Input data:
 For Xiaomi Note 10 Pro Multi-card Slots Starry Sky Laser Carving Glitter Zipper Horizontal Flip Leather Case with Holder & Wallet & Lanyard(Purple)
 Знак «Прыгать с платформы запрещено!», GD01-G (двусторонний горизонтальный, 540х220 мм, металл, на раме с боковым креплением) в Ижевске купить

---

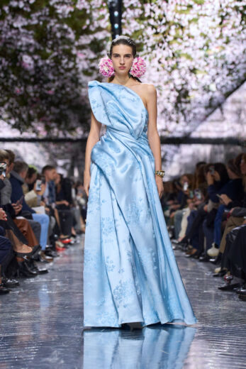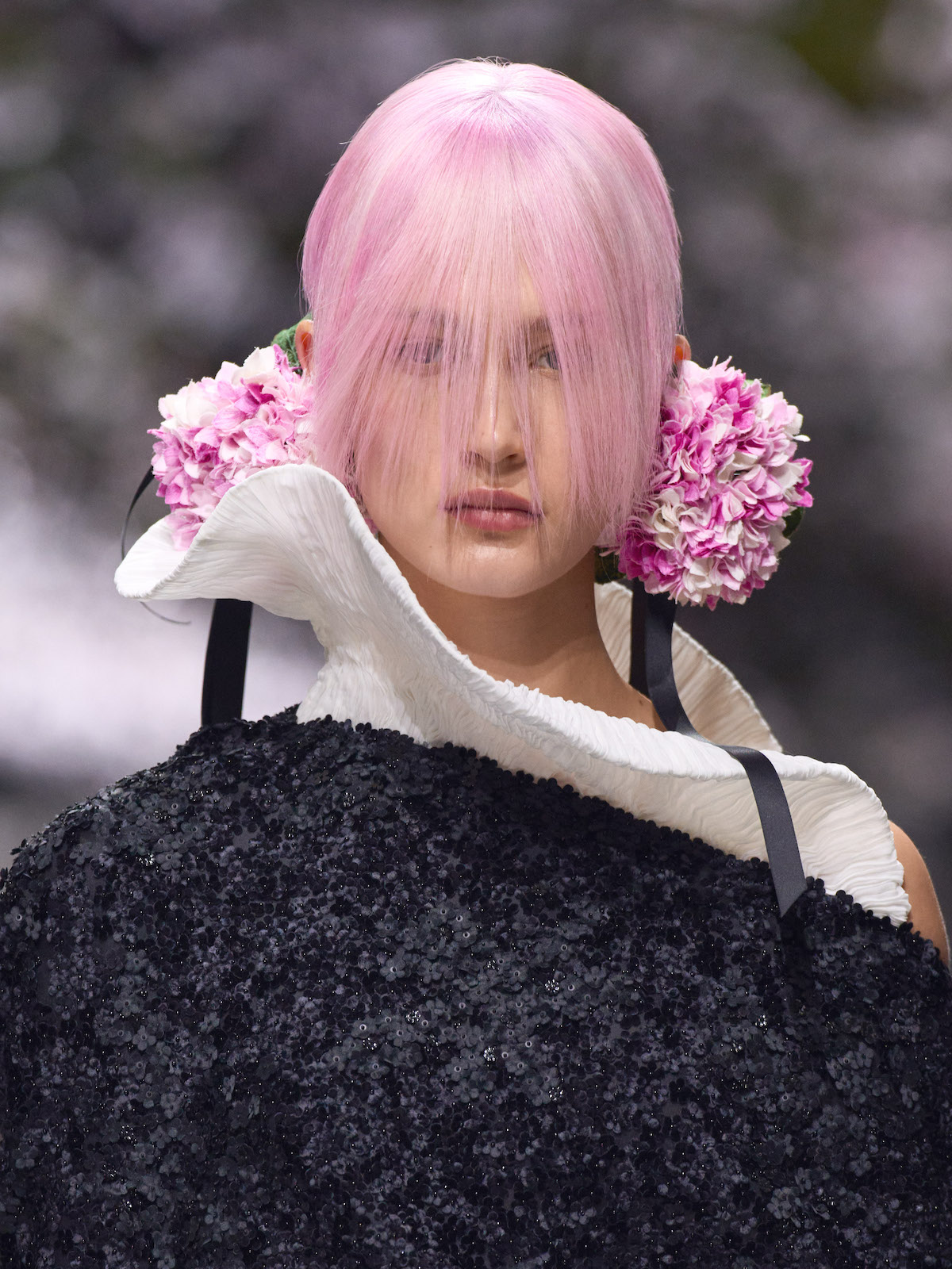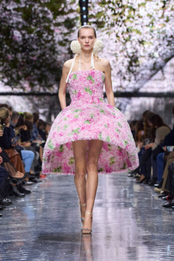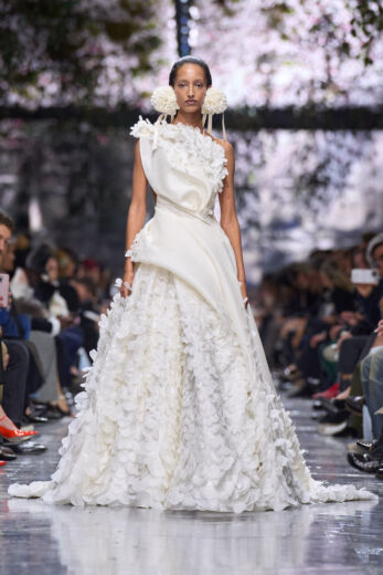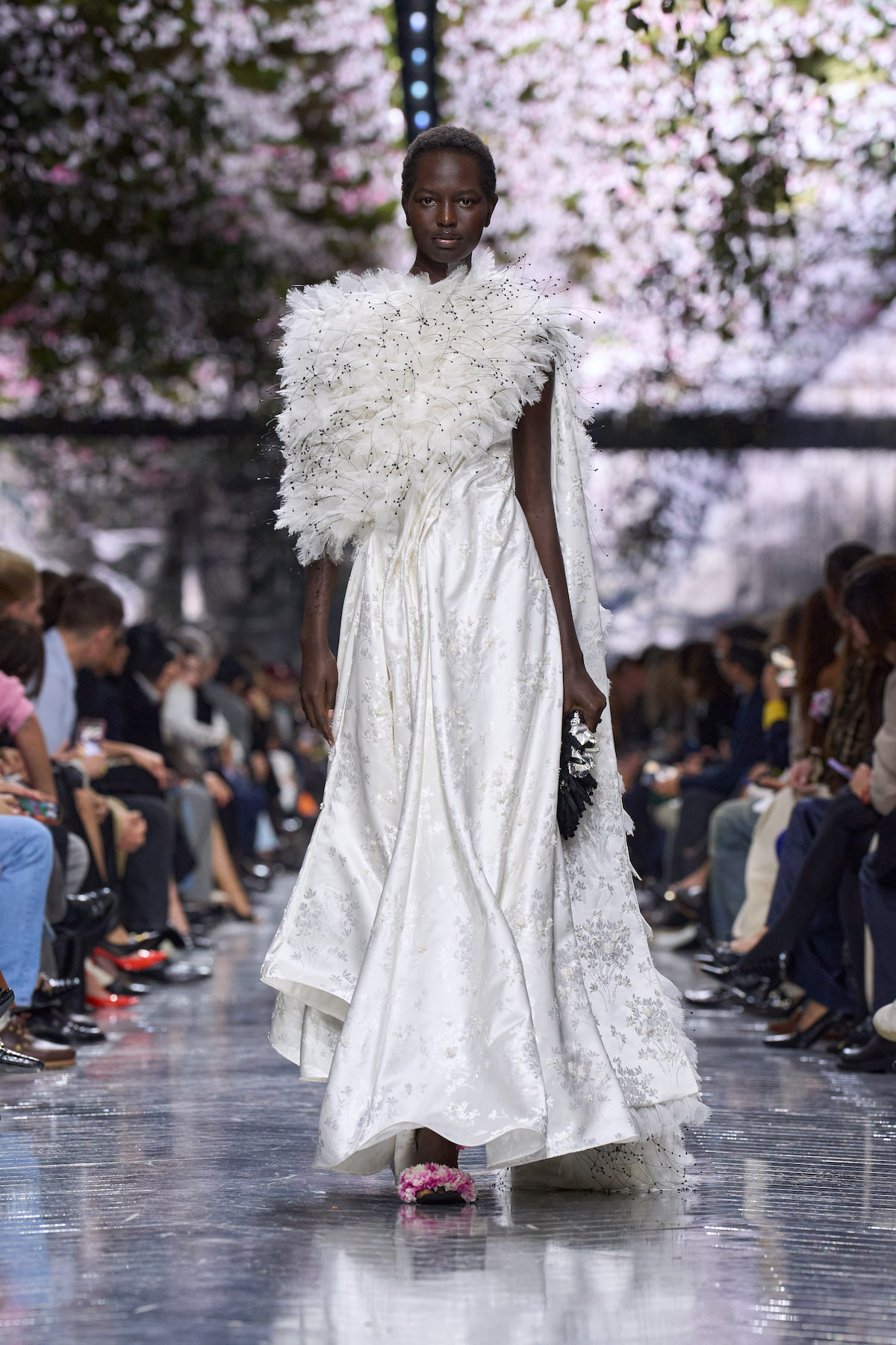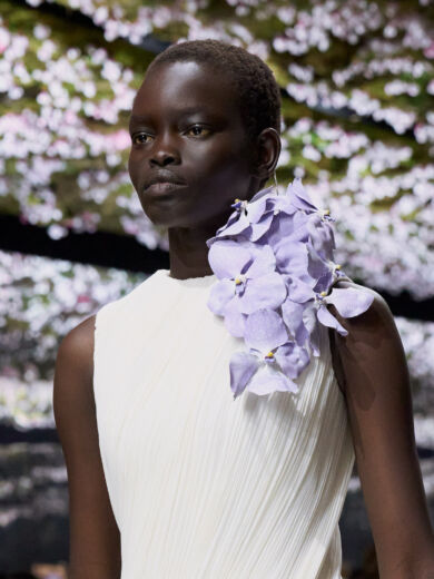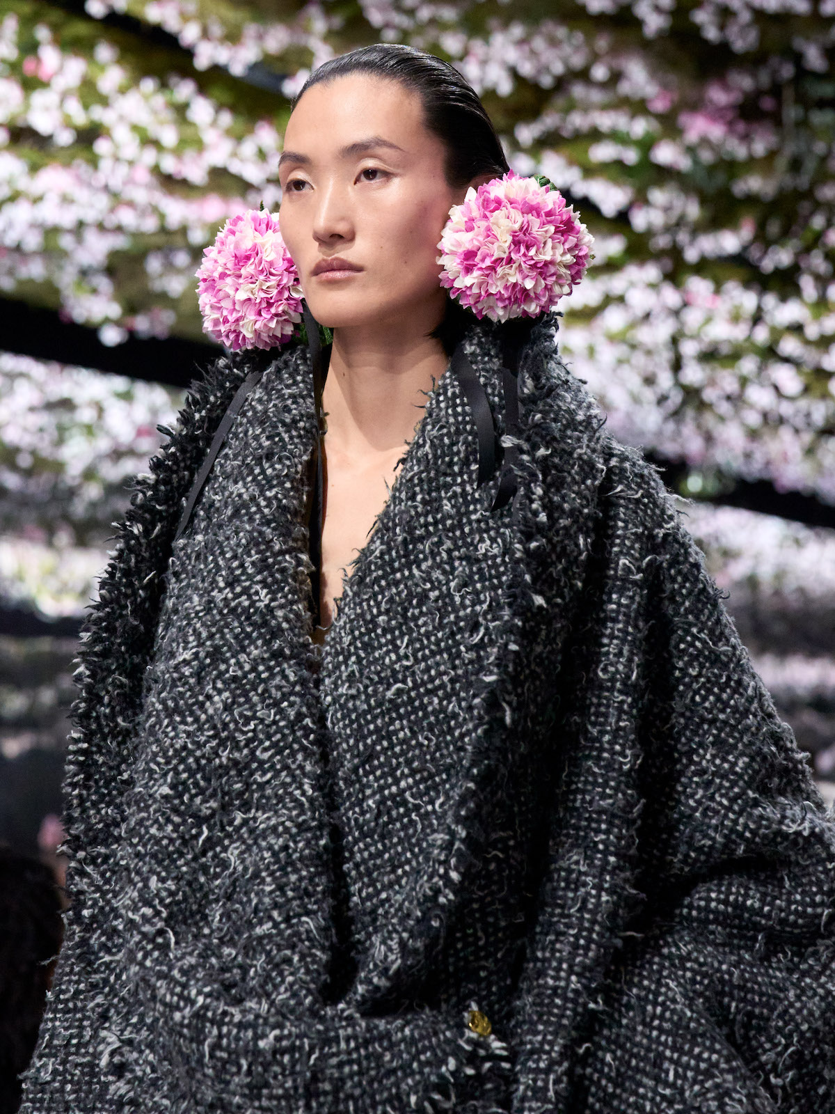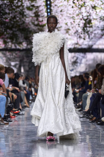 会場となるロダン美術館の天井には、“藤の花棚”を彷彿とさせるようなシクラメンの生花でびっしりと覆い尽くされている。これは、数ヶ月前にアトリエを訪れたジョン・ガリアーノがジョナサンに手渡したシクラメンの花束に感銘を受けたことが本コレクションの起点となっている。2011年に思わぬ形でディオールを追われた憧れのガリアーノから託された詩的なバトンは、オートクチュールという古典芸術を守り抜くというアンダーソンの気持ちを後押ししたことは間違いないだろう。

---

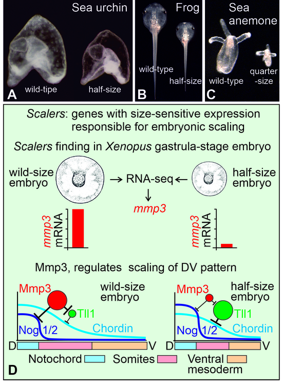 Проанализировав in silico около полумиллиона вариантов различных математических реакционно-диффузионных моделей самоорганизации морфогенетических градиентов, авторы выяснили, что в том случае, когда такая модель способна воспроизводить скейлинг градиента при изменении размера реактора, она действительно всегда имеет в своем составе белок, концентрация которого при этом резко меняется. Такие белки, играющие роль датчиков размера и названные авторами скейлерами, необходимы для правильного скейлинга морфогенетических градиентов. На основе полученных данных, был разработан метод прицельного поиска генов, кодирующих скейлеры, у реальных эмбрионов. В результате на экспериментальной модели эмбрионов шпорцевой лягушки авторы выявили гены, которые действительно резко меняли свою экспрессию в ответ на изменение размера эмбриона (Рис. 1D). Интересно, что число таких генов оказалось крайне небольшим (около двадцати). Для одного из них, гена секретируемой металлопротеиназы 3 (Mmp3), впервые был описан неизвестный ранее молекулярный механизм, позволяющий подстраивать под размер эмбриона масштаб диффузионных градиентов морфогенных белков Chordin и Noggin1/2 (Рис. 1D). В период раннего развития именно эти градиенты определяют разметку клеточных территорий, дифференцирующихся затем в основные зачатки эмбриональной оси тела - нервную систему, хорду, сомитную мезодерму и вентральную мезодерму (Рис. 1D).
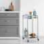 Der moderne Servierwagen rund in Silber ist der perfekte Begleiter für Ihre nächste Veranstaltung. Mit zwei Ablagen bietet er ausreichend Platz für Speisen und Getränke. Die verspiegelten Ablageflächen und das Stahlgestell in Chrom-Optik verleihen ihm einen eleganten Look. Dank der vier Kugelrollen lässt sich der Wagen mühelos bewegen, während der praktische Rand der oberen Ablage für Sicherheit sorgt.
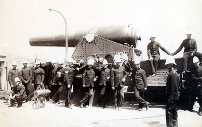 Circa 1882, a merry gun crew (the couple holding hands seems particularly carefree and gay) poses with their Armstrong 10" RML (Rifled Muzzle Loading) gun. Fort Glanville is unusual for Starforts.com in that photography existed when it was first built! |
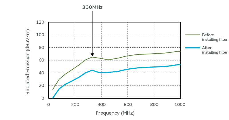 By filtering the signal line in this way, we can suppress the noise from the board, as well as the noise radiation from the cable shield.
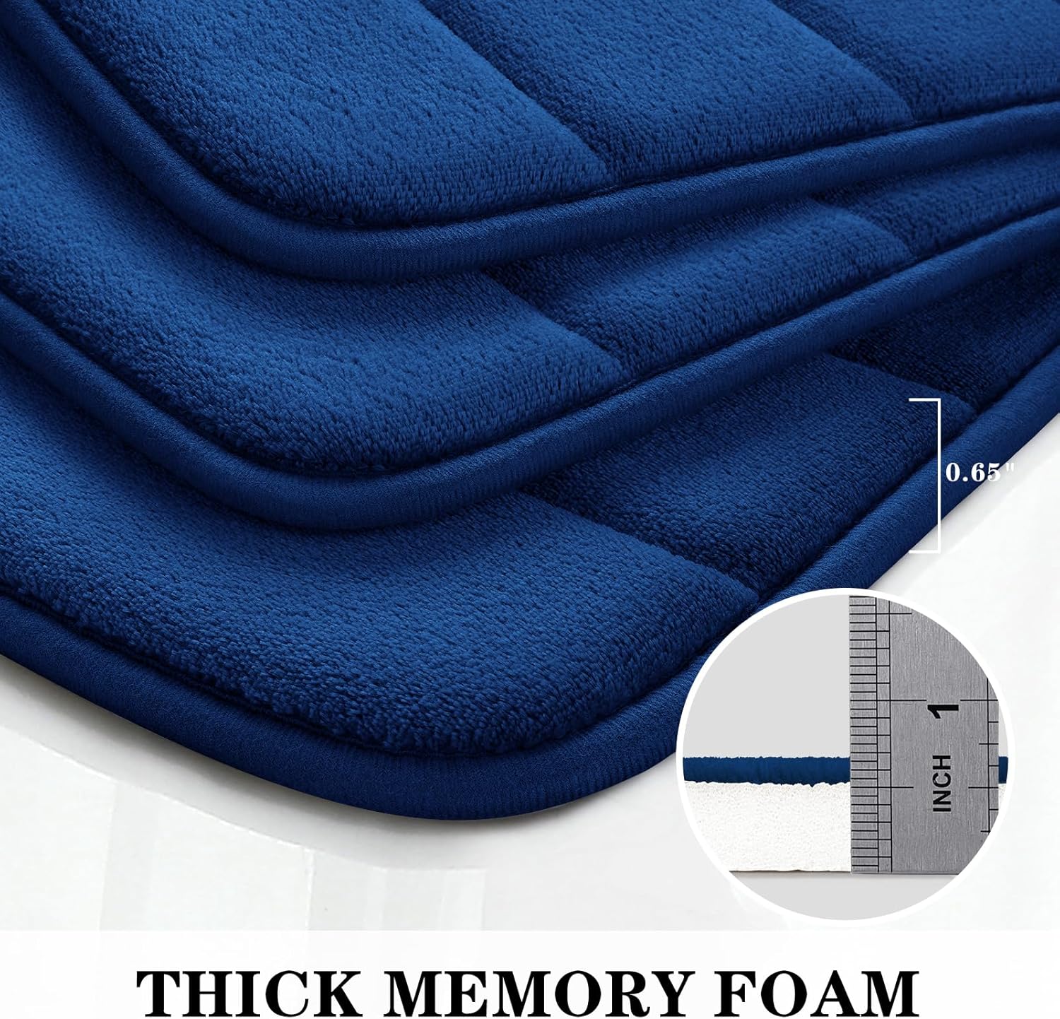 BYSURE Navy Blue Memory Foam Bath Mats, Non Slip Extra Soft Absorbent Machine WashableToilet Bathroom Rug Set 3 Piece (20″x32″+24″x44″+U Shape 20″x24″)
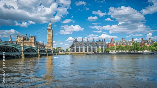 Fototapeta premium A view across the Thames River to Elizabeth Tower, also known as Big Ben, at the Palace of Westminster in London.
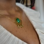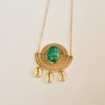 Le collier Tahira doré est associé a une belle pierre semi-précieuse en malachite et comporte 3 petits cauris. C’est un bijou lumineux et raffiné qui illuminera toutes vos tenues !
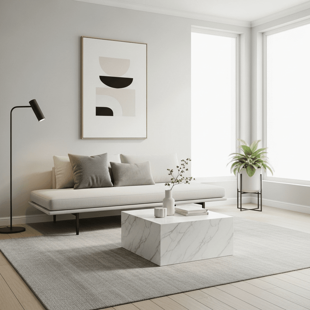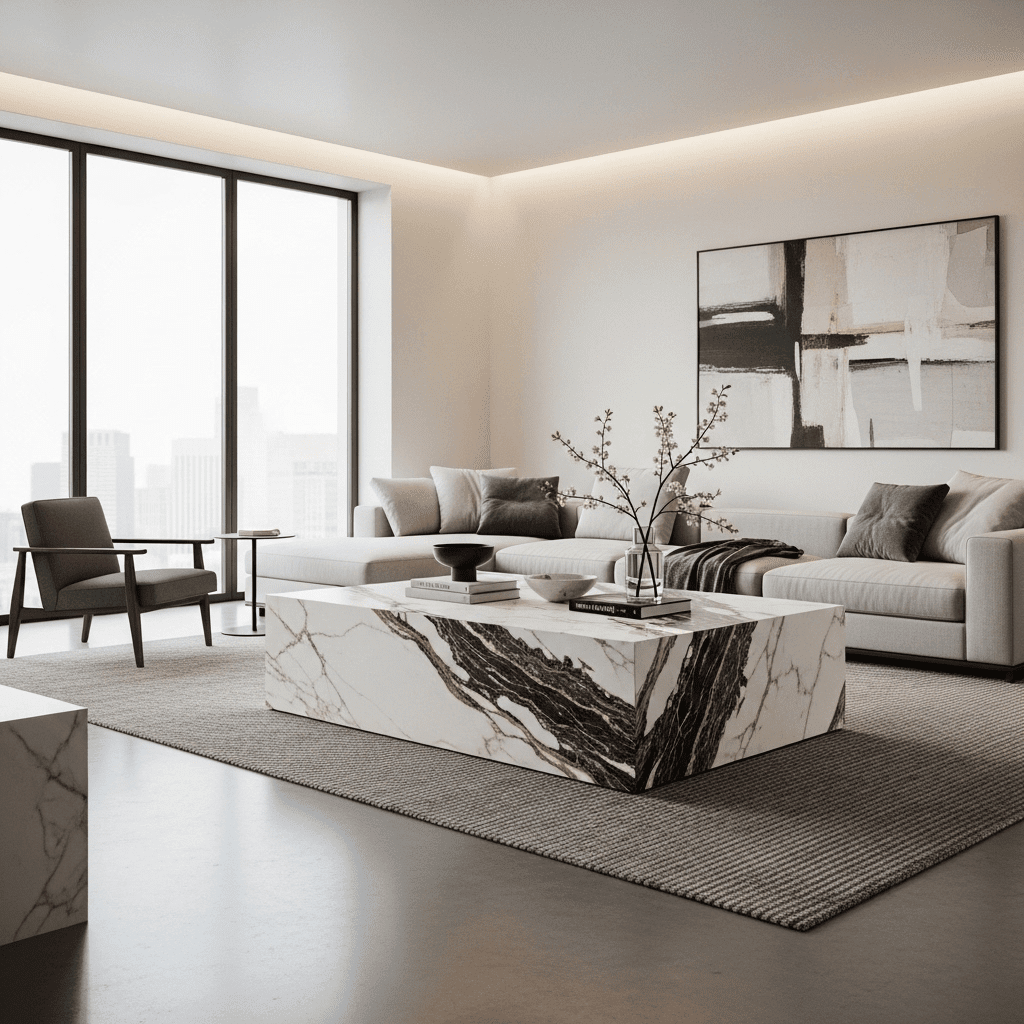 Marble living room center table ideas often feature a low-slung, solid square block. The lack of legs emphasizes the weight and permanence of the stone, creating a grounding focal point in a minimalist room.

About this exercise:
In the entries above, every line from the line with "By filtering the" to the line with "Marble living room" is to be printed exactly, with both ends included and pictures excluded.

Response to this exercise:
 By filtering the signal line in this way, we can suppress the noise from the board, as well as the noise radiation from the cable shield.
 BYSURE Navy Blue Memory Foam Bath Mats, Non Slip Extra Soft Absorbent Machine WashableToilet Bathroom Rug Set 3 Piece (20″x32″+24″x44″+U Shape 20″x24″)
 Fototapeta premium A view across the Thames River to Elizabeth Tower, also known as Big Ben, at the Palace of Westminster in London.
 Le collier Tahira doré est associé a une belle pierre semi-précieuse en malachite et comporte 3 petits cauris. C’est un bijou lumineux et raffiné qui illuminera toutes vos tenues !
 Marble living room center table ideas often feature a low-slung, solid square block. The lack of legs emphasizes the weight and permanence of the stone, creating a grounding focal point in a minimalist room.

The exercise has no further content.